Sam: Well okay, guess that’s been resolved.
Will: We’ll do that later! Next week’s episode is us cooking!
Sam: Oh my God, yes! So I’ve been trying to make meals to save money and whatnot, but it just doesn’t come out good, and then I don’t want to eat it.
Will: I can help. I can really help. I can make stuff taste good.
Sam: I just need some help with that. But besides that, I’ve been working and rehearsing. I have a long day today. What about you? What’ve you been up to?
Will: Still substitute teaching. I am acting like I know French. I have been going to cryotherapy a lot.
Sam: What?
Will: Have I not told you that?
Sam: Maybe I saw that on your Instagram, but I don’t know what it was.
Will: Okay, so I am super into cryotherapy right now. I’m not sure if it’s doing anything.
Sam: That is the bougiest thing I’ve ever heard!
Will: I don’t know if it’s doing anything, but I feel really good about it. But the first time I went, I had a really emotional day and tears started to well up in my eyes as I was about to go into the cryotherapy chamber, and completely deadpan, the woman who was running the salon was like, “You need to dry your eyes, the tears will freeze.”
Sam: Oh my gosh!
Will: And I was like, “Okay, this means business.” Because it gets down to like, 250 degrees celsius.
Sam: What does it do for your body?
Will: It reduces inflammation.
Sam: Okay, and it makes you feel better?
Will: Yeah. It’s like, you do 3 minutes in -250 and it’s supposedly the equivalent of doing an hour in an ice bath.
Sam: Wow!
Will: Because it gets it done quicker.
Sam: I gotta find a Groupon for that!
Will: Oh, there’s Groupons, don’t you worry.
Sam: I bet. I gotta get on Groupon!
Will: Because the outside of your body is what cools down and your body thinks it’s going into hypothermia, but all your inside organs stay warm because you’re not cold for long enough. So blood just rushes from the organs to the surface and it basically just reoxygenates the entire body. And your skin tightens up a little bit, so that’s kind of a good thing.

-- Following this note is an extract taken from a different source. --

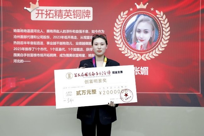 市場開拓類開拓精英銅牌——張媚:她是地地道道河北人,擁有燕趙人的淳樸和自強不息,如今作為滄州面部代理和公司股東,2023年低開高走,從觀望總部線上火熱到后半年奮起直追,事業越干越有勁兒,業績越做越火爆,在2023年推薦了1個市代,1個區縣代,1個加盟店,獲得了第三屆圍美白手創富榜市場開拓銅牌。

Sam: Oh my gosh, this is the most you activity I’ve ever heard!
Will: Cryotherapy, yeah.
Sam: It sounds awesome though.
Will: I helped my friend Shay buy a Valentine’s gift for her boyfriend. So we went to the Shorthill’s Mall in New Jersey and she settled on a lovely fragrance from Diptyque called
“Eau Duelle”.
Sam: There you go!
Will: And, believe it or not, this podcast is not sponsored by Diptyque. Although, it really should be. I will not stop talking about Diptyque or A Star is Born.
Sam: You don’t need to! It’s okay, we like those things!
Will: With the excitement of French perfumery, we must take a break, and we’ll be right back!
[MUSICAL INTERLUDE]
Simone Elhart: “Registration for the Young Actor’s Program at Strasberg is now open. Applications are due March 9th for the Spring semester. Email [email protected] for more information today.”
[MUSICAL INTERLUDE]
Will: So we’re back with some fun guests.
Sam: Yeah, we have Max and Leona! How are you doing?
Max Weinstein: Hi!
Leona Stewart: Hi!
Will: And Simone, how are you?
Sam: Yeah, Simone’s in the room, too!
Will: Who is now working here!
Simone: Hi guys! I loved it so much the first time, that now I’m back forever.
Sam: She’s in a really nice cheetah shirt, just so everybody knows.
Simone: Thank you. I wanted to feel classy.
Leona: Simone always dresses pretty well though.
Max: Yeah.
Will: Yes, yes, it’s true.
Leona: Sorry, I’m never surprised when I see you in a cool outfit, cause I’m just like, “Of course she’s wearing that with a cool turquoise necklace with some funky shoes with cool socks.”
Sam: I didn’t even see the shoes! Those look so easy!
Will: Oh wow!
Max: I don’t know how she does it!
Simone: These are actually Target Balenciaga knockoffs.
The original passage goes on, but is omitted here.